The travelling M.P. will probably come to you with a letter of introduction from the last station he has visited, and he will immediately proceed to make himself quite at home in your bungalow with the easy manners of the Briton abroad. He will acquaint you with his plans and name the places of interest in the neighbourhood which he requires you to show him. He will ask you to take him, as a preliminary canter, to the gaol and lunatic asylum; and he will make many interesting suggestions to the civil surgeon as to the management of these institutions, comparing them unfavourably with those he has visited in other stations. He will then inspect the Brigadier-General commanding the station, the chaplain, and the missionaries. On his return—when he ought to be bathing—he will probably write his article for the Twentieth Century, entitled "Is India Worth Keeping?" And this ridiculous old Shrovetide cock, whose ignorance and information leave two broad streaks of laughter in his wake, is turned loose upon the reading public! Upon my word I believe the reading public would do better to go and sit at the feet of Baboo Sillabub Thunder Gosht, B.A.

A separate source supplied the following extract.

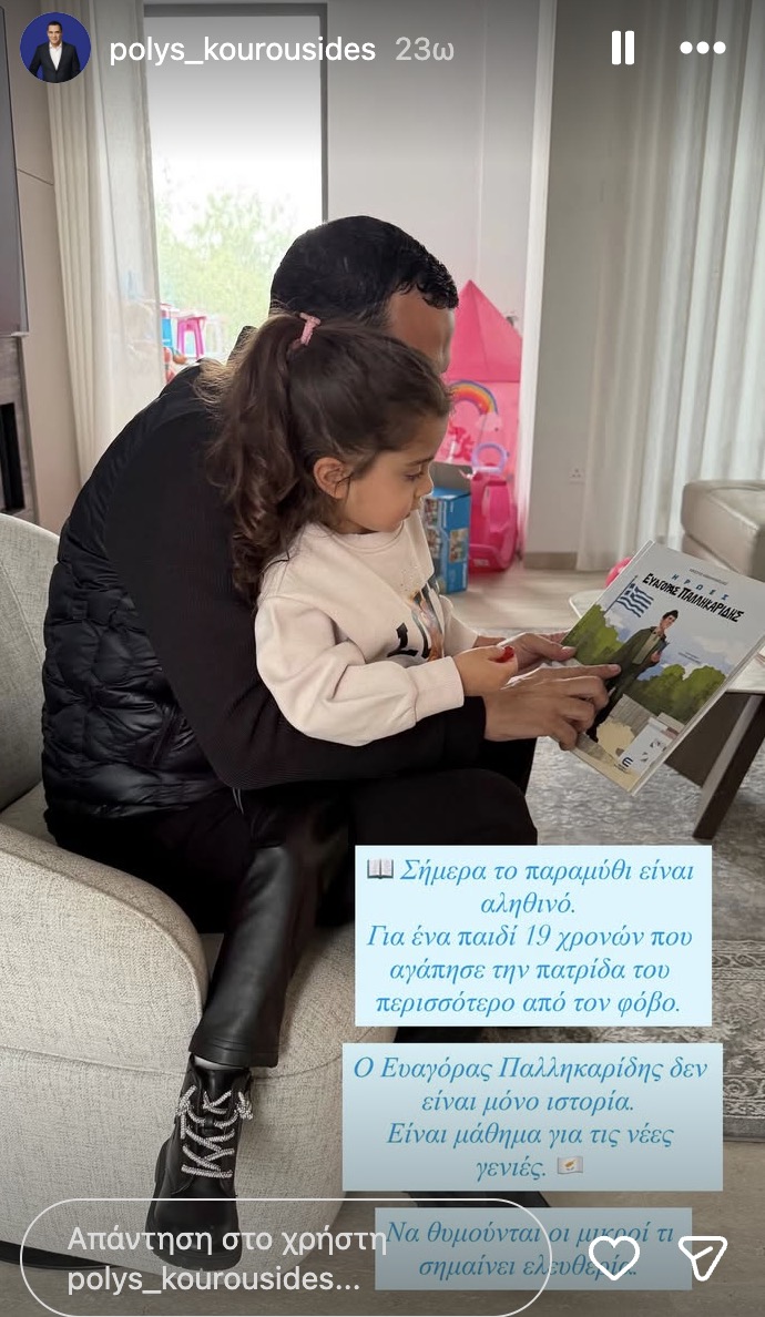 Ο υποψήφιος βουλευτής του ΔΗΣΥ Πόλυς Κουρουσίδης χάρισε στους διαδικτυακούς του ακόλουθους μια ιδιαίτερα τρυφερή και συμβολική στιγμή, αφού τον είδαμε να διαβάζει με την μικρή του κόρη το παιδικό βιβλίο «Ήρωες: Ευαγόρας Παλληκαρίδης» του Χρίστου Οικονομίδη μαθαίνοντας στην μικρή του κόρη την ιστορία του.

What is it that these travelling people put on paper? Let me put it in the form of a conundrum. Q. What is it that the travelling M.P. treasures up and the Anglo-Indian hastens to throw away? A. Erroneous, hazy, distorted first impressions

Before the eyes of the griffin, India steams up in poetical mists, illusive, fantastic, subjective, ideal, picturesque. The adult Qui Hai attains to prose, to stern and disappointing realities; he removes the gilt from the Empire and penetrates to the brown ginger-bread of Rajas and Baboos. One of the most serious duties attending a residence in India is the correcting of those misapprehensions which your travelling M.P. sacrifices his bath to hustle upon paper. The spectacled people embalmed in secretariats alone among Anglo-Indians continued to see the gay visions of griffinhood. They alone preserve the phantasmagoria of bookland and dreamland. As for the rest of us:—

Out of the day and night
A joy has taken flight:
Baboos and Rajas and Indian lore
Moved our faint hearts with grief, but with delight
No more—oh, never more!

It is strange that one who is modest and inoffensive in his own country should immediately on leaving it exhibit some of the worst features of 'Arryism; but it seems inevitable. I have met in this unhappy land, countrymen (who are gentlemen in England, Members of Parliament, and Deputy-Lieutenants, and that kind of thing) whose conduct and demeanour while here I can never recall without tears and blushes for our common humanity. My friends witnessing this emotion often suppose that I am thinking of the Famine Commission.

As far as I can learn, it is a generally received opinion at home that a man who has seen the Taj at Agra, the Qutb at Delhi, and the Duke at Madras, has graduated with honours in all questions connected with British interests in Asia; and is only unfitted for the office of Governor-General of India from knowing too much.